Syntax:scrapy View <url> Requires project:no

Opens the specified URL in the browser. Sometimes spider look at a page that is inconsistent with what the average user sees, so this command can be used to check if Spider sees the same as we thought.

Supported options:

--spider=spider: Force The specified spider--no-redirect: not redirected (the default is redirection)

(scrapyenv) Macbook-pro:project $ scrapy View http://www.163.com

Shell

syntax:scrapy shell [url] Requires project:no

Launches the Scrapy shell for the specified URL or does not specify a URL just to start the shell. Support for UNIX-style local file paths and relative paths./or ... /, the absolute file path is also supported.

Supported options:

--spider=spider: Enforces the specified spider-c code: asks for the value in the shell, prints the result, and exits the--no-redirect: not redirected (the default is redirection); This applies only to URLs that are passed as arguments in the command line.
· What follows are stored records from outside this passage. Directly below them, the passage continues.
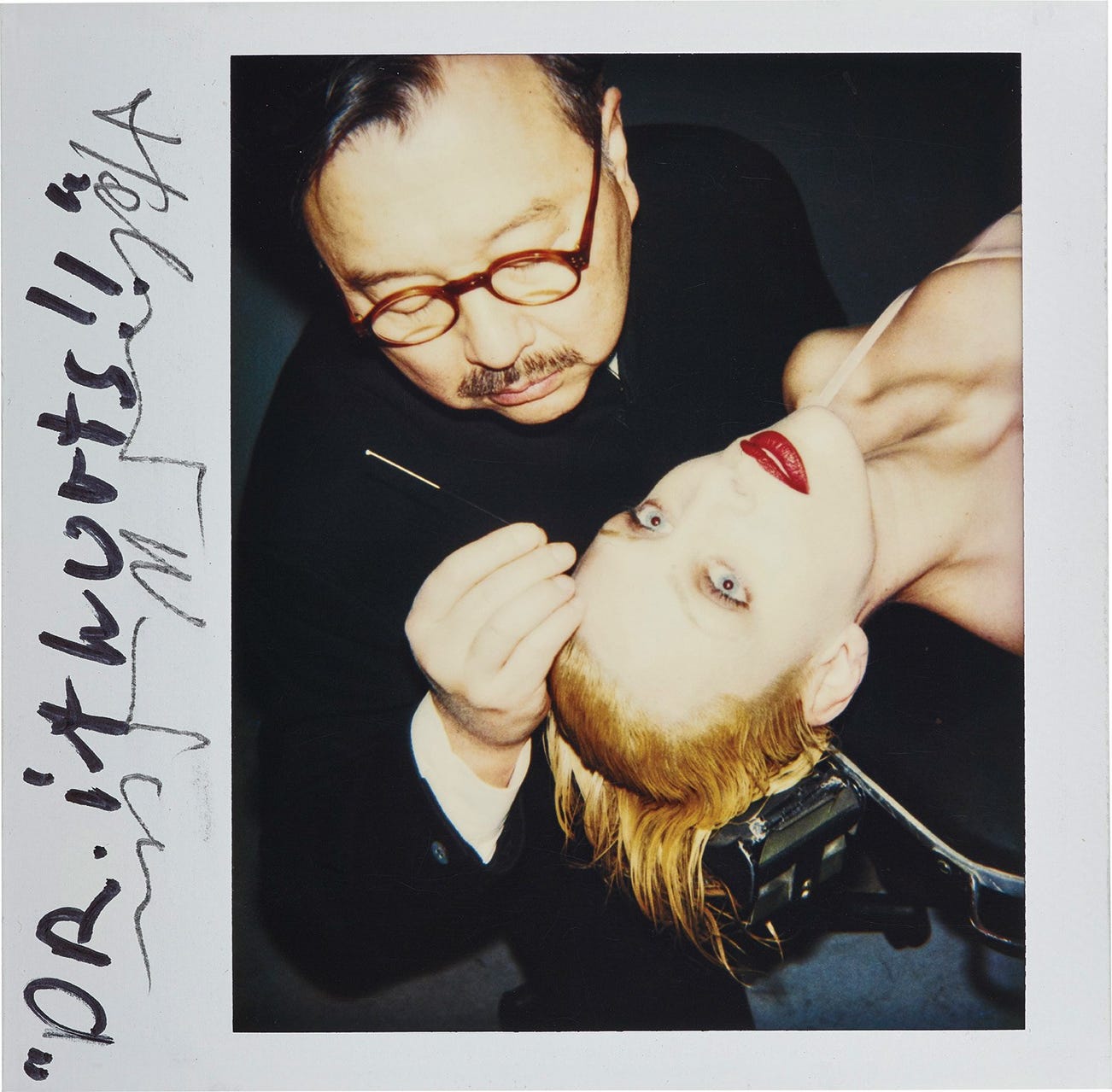 Mr Chow and model on surgical bed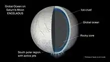 For et koldt, mindre himmellegeme som Enceladus vil der være et ocean af flydende vand imellem en fast overflade af is og et fast lag af klipper i kernen bestående af silikater. For et koldt, større himmellegeme som Ganymedes vil der også være en overflade af is, men vandet i bunden af det flydende hav være under højt tryk og omdannes til is, så det flydende vand vil danne en "vand-sandwich", et hav, der ligger mellem to lag is. En vigtig forskel mellem disse to tilfælde, er, at for de små himmellegemer er havet i direkte kontakt med silikater, som kan give energi og næringsstoffer til simple former for liv.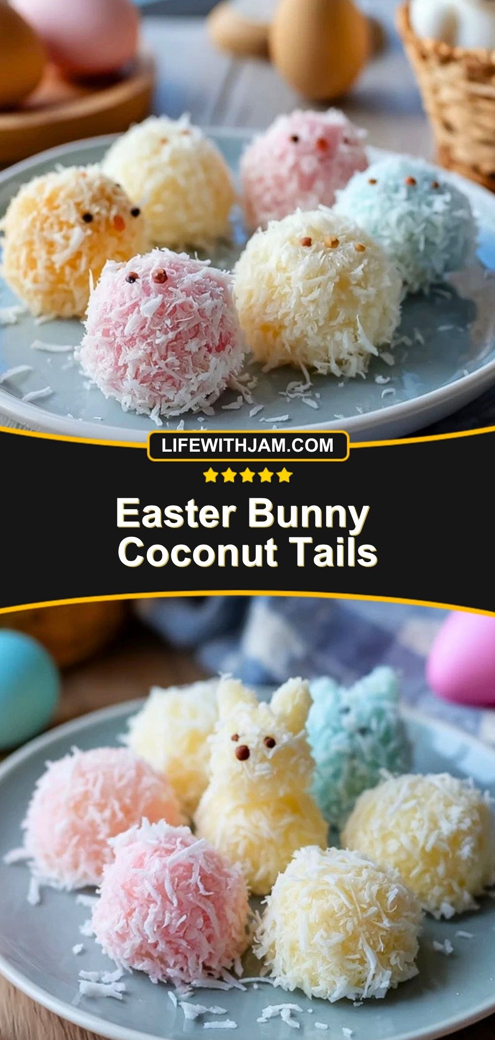 What makes them even better is how simple they are to pull together. A creamy coconut mixture gets tinted in soft spring shades, rolled into little mounds, and finished with extra coconut for that fluffy bunny-tail look. They are sweet, bite-sized, and easy enough to make with kids, which gives them a spot on the list of Easter recipes you will want to revisit every year.

If you enter the Scrapy shell, and then use the Fetch (URL), the default redirects.

(scrapyenv) Macbook-pro:project $ scrapy Shell http://www.example.com/some/page.html
[... scrapy shell starts ...]
(scrapyenv) macbook-pro:project$ scrapy Shell--nolog http://www.example.com/-C ' (Response.Status, Response.url) '
(+, ' http ://www.example.com/')
(scrapyenv) macbook-pro:project $ scrapy Shell--nolog http://httpbin.org/redirect-to?url= Http%3a%2f%2fexample.com%2f-c ' (Response.Status, Response.url) ' (+
, ' http://example.com/')
(scrapyenv) Macbook-pro:project $ scrapy Shell--no-redirect--nolog http://httpbin.org/redirect-to?url=http%3A%2F%2Fexample.com %2f-c ' (Response.Status, Response.url) '
(302, ' http://httpbin.org/redirect-to?url=http%3A%2F%2Fexample.com% 2F ')
(scrapyenv) Macbook-pro:project $

Parse.

Syntax:scrapy parse <url> [options] Requires Project:yes

Gets the page of the given URL and uses the spider parsing that handles the URL, using the method specified by--callback, and parsing with the default parse method if unspecified.

Supported options

--spider=spider: Enforces the use of the specified spider--a name=value: Sets the spider parameter (possibly duplicate)--callback or-c:spider callback method to parse the response- Pipelines: Pipelines processing Items--rules or-r: using Crqslspider rules to discover callback methods to resolve response--noitems: Do not show crawled items- Nolinks: Do not show links obtained--nocolour: Avoid using pygments for output shading--depth or-d:request request recursion depth (default 1)--verbose or-V: Display debug information

Settings

syntax:scrapy settings [options] Requires Project:no

Gets a value for the Scrapy setting.

If used under the project, the configuration of the project is displayed, otherwise the default Scrapy setting is displayed.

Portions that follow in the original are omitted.